In the afternoon heat, my skin burns red no matter how much sunscreen I put on, and burns in a way that feels less like the result of UV rays and more like the result of standing a few feet away from a roaring fire. The sensation reminds me of childhood contests, where my cousins and I would sit with our bare backs to the fireplace, right beyond the grate, seeing who could stand the heat for longest before moving forward. It reminds me, also, of the air that burned my face when I stood, as a 9 year old child, by a river of flowing lava, a river so hot that a stick pushed into it burst into flames at mere contact. I suppose what I am trying to say is, this heat feels less like the stuff of hazy, ethereal, barely-existent waves and particles, and more like a physical, present layer of something soft and heavy, dry and parched and dusty, laying across one’s skin – invisible, but no less tangible for the fact.

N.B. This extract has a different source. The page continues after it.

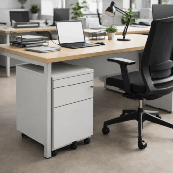 - 4 Roulettes multidirectionnelles diamètre 35mm, dont 2 freinées. Le tiroir pour dossiers suspendus est doté d’une 5ème roulette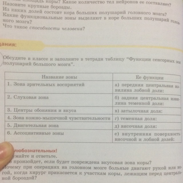 ПОМОГИТЕ ПОЖАЛУЙСТА !!! Обсудите в классе И заполните в тетради таблицу функции сенсорных зон полушарий большого мозга

At the house, our conversations revolve around the heat. All greetings have been replaced by statements about temperature – when one of us leaves the house and returns, we greet the rest with a statement about the heat. When we wake up in the morning, our first words are about the relative cool of the morning, and our hopes for how long that cool might last. As we go to bed, we attempt to quantify the heat of the day – was it hotter than the day before? Didn’t this week seem hotter than the last? We are never successful in such comparisons, for it is so ultimately hot that no further statement can really be made, like attempting to comparing infinity with infinity plus 3.

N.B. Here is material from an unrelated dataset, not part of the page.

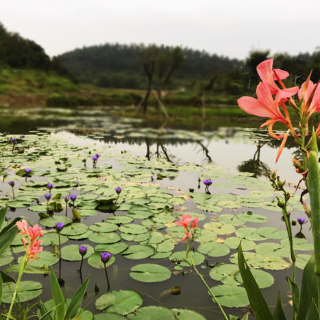 岸边花草树木相伴,度假区虫鸣鸟叫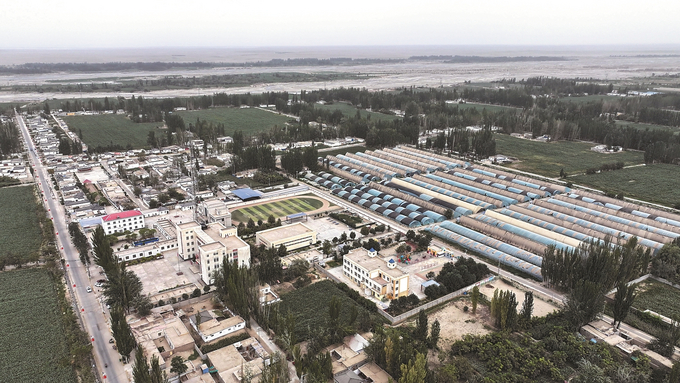 阿热勒村全貌,村后就是塔克拉玛干沙漠。 (阿热勒村村委会供图)

Perhaps I sound too harsh, in my description of the heat. Every word is true, but I shouldn’t like to sound as if it is unbearable or hateful, or even a major problem in our day-to-day lives. The thing is, the heat is tremendous, but it is a dry, heavy, dusty heat – it lays over us, pressing down so that we slow our walking to the pace of a crawl, seek shade whenever possible, drink bottles and bottles of water warmed to the point that they might well be used for tea – it is hot, but it is not a sticky, humid heat, and it is not an oppressive heat. It is not that heat, from the south of the US, which causes one to sweat while simply sitting in the shade, that damp and blanketing heat which makes one feel like one’s very soul is leaking out of one’s pores. And it is not absolutely inescapable, as I imagine it might be in South Sudan or even in Northern Uganda; the morning are cool, the shade is always a slight respite from the sun, and late, late in the evening, as the stars shine high in our rural sky, the heat begins to fade and smooth breaths of wind flow through the town, lightening and cooling the air until around 8 or 9 the next morning, when the sun shall begin to warm us again.